(Saved entries)
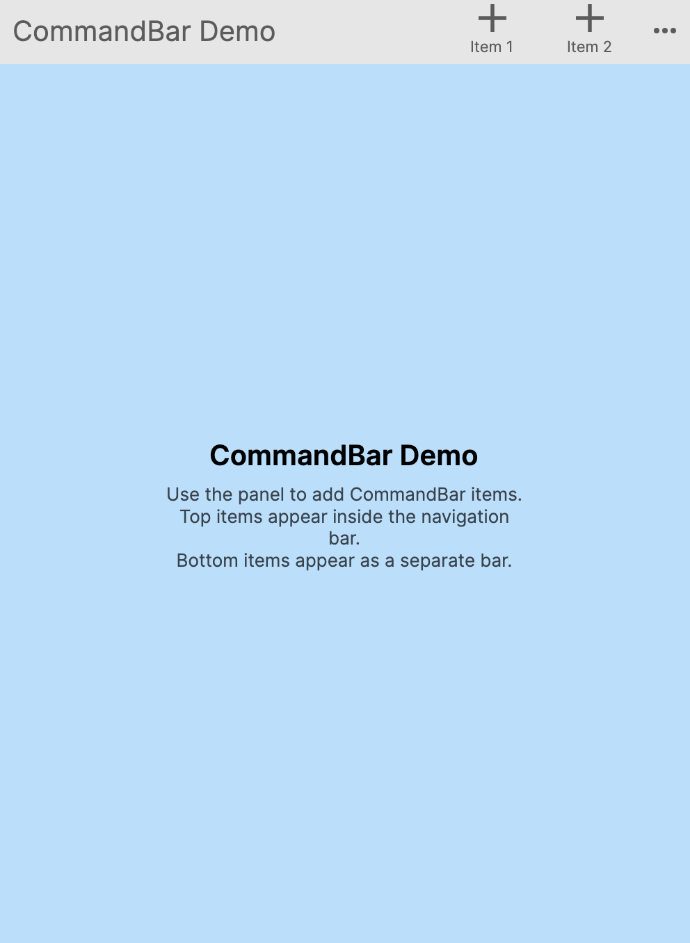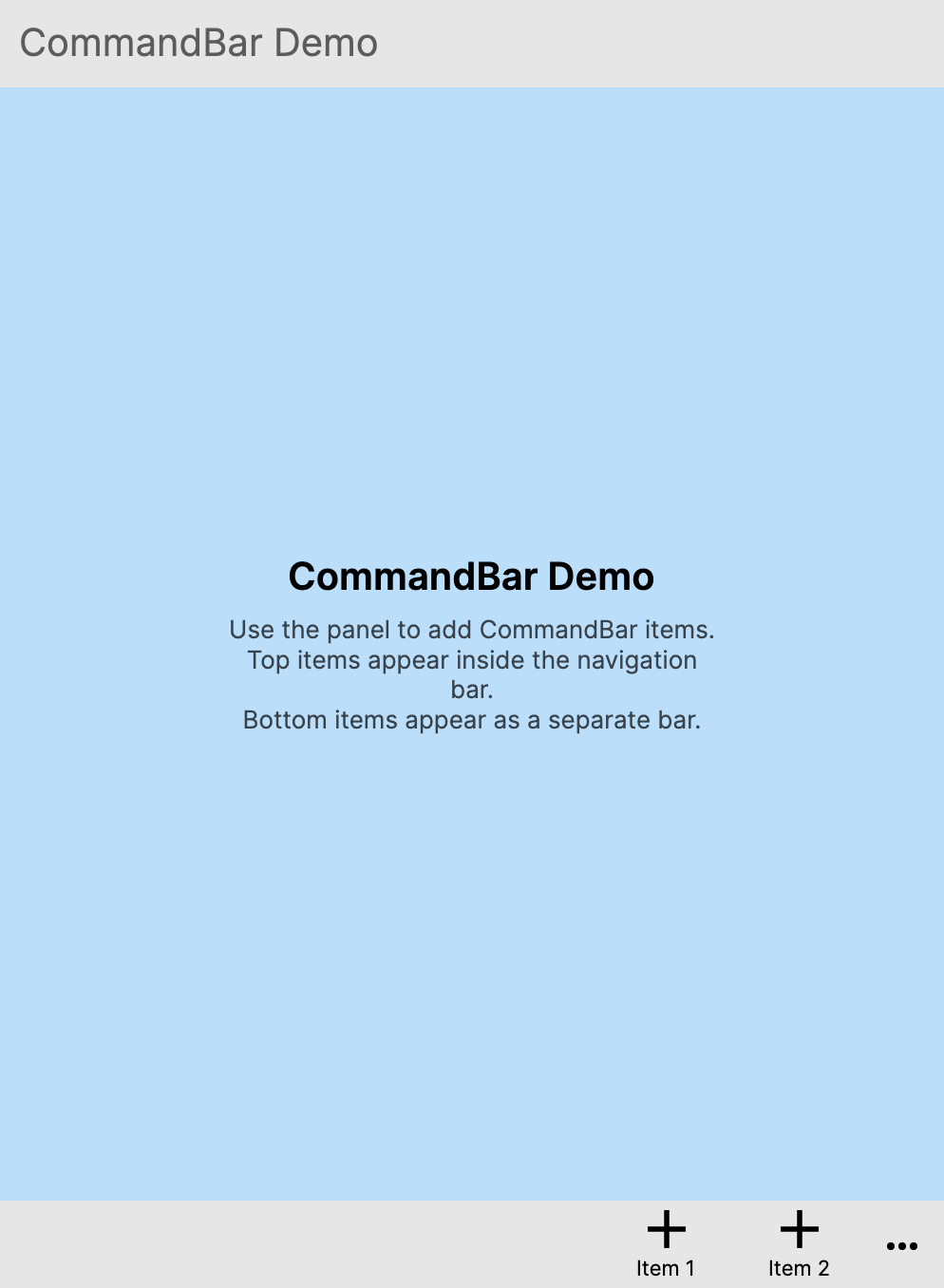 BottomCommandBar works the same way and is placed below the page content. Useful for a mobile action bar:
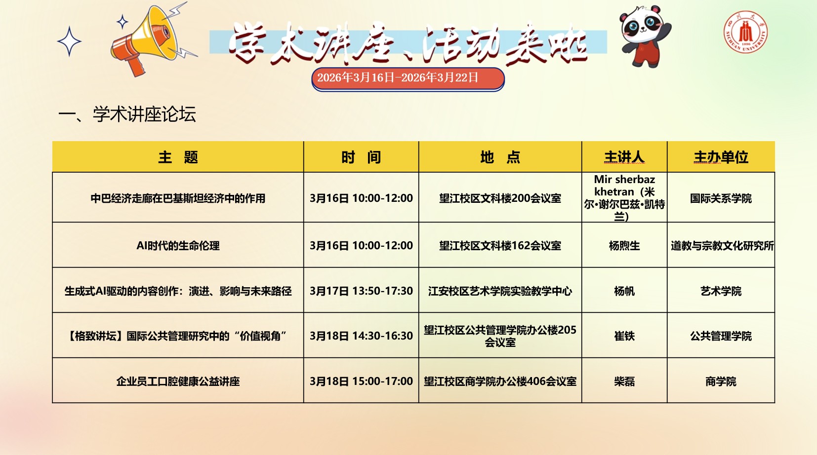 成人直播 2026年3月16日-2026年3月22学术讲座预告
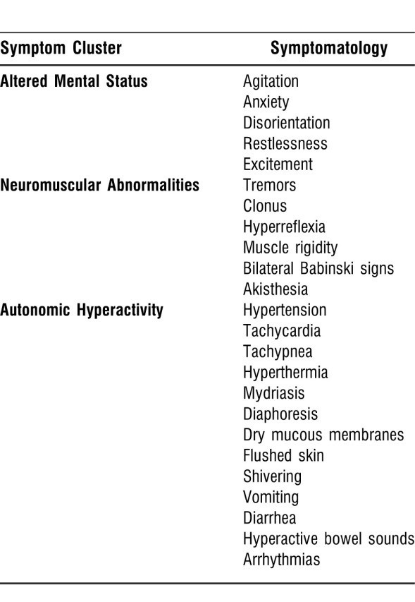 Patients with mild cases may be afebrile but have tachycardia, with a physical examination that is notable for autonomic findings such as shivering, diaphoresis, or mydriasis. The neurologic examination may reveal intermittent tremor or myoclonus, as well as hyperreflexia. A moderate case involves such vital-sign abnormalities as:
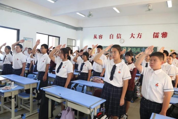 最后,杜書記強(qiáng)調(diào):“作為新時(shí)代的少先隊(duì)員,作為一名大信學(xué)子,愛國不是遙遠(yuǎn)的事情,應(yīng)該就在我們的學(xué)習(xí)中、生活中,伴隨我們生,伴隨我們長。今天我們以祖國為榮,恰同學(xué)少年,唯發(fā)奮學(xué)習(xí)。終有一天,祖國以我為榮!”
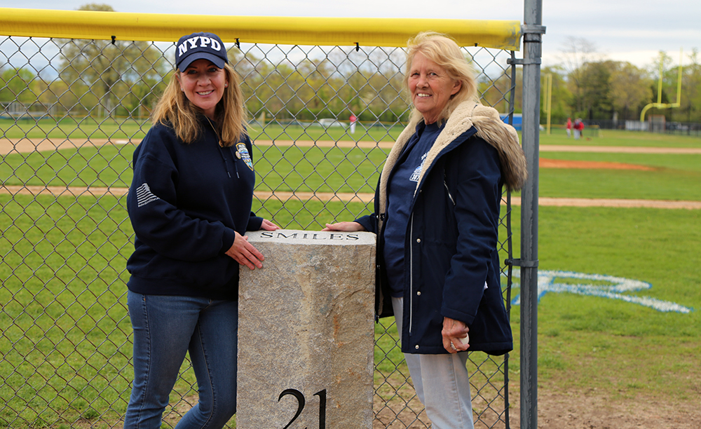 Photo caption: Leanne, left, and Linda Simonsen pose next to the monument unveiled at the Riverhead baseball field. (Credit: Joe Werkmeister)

▶ [TASK GOAL]
Please quote exactly the run of lines that starts the entries and ends at the line containing "成人直播 2026年3月16日-2026年3月22学术讲座预告", leaving out every picture.

▶ [SOLVED PROBLEM]
 BottomCommandBar works the same way and is placed below the page content. Useful for a mobile action bar:
 成人直播 2026年3月16日-2026年3月22学术讲座预告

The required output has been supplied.